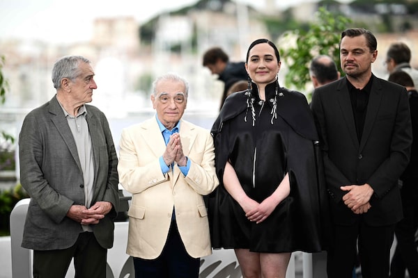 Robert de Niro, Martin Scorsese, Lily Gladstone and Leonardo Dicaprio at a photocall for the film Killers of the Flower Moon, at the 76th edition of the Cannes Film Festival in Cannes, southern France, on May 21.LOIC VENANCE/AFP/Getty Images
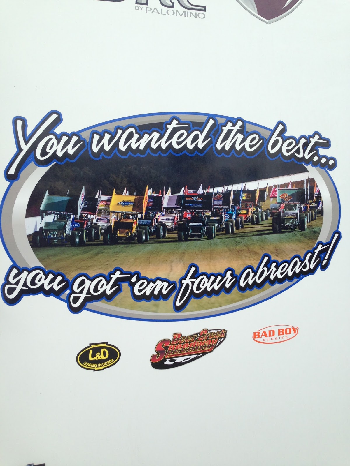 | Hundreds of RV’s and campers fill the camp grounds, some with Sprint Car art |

---

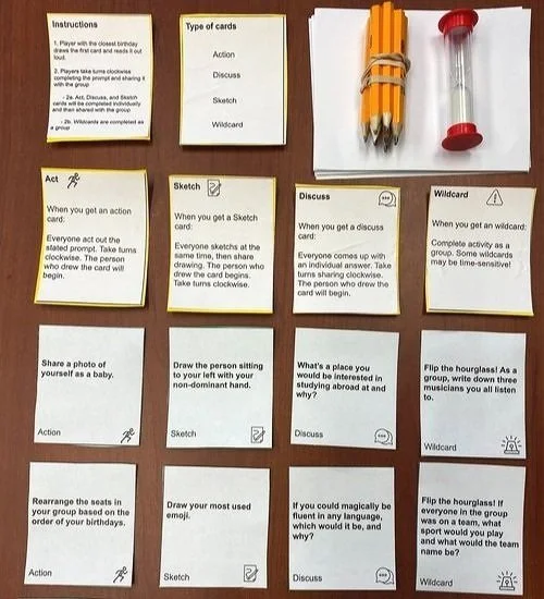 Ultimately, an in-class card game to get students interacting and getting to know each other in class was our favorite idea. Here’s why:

* * *

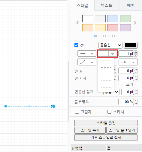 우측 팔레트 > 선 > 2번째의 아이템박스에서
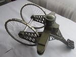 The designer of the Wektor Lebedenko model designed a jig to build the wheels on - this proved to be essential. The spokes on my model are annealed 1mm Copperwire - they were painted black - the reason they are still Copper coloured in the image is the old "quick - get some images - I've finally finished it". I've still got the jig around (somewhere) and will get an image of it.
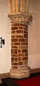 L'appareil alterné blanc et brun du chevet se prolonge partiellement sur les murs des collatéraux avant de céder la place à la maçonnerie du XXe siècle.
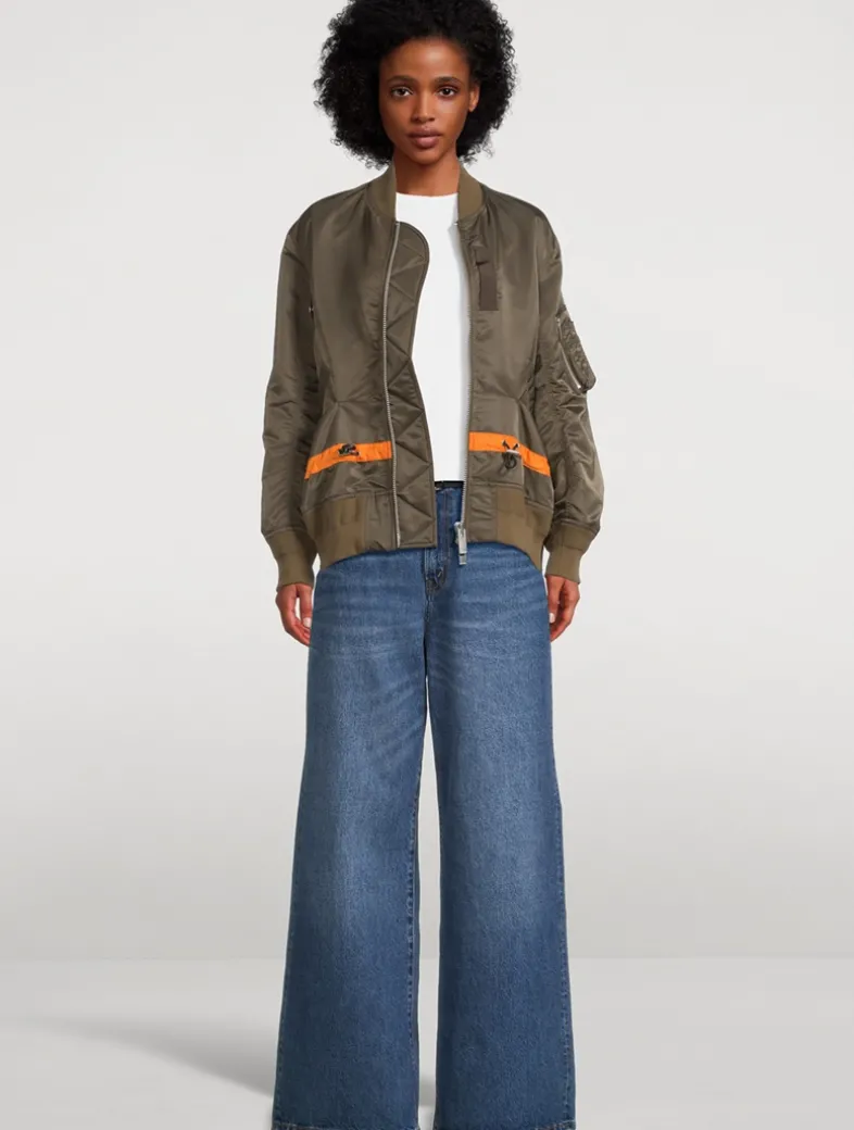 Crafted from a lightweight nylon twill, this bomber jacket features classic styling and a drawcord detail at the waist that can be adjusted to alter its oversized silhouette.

YOUR GOAL: Using the data above, print only the lines starting at the one with "Robert de Niro, Martin" and ending at the one with "Sprint Car art |", exactly as they stand, minus the pictures.

EXPECTED ANSWER:
 Robert de Niro, Martin Scorsese, Lily Gladstone and Leonardo Dicaprio at a photocall for the film Killers of the Flower Moon, at the 76th edition of the Cannes Film Festival in Cannes, southern France, on May 21.LOIC VENANCE/AFP/Getty Images
 | Hundreds of RV’s and campers fill the camp grounds, some with Sprint Car art |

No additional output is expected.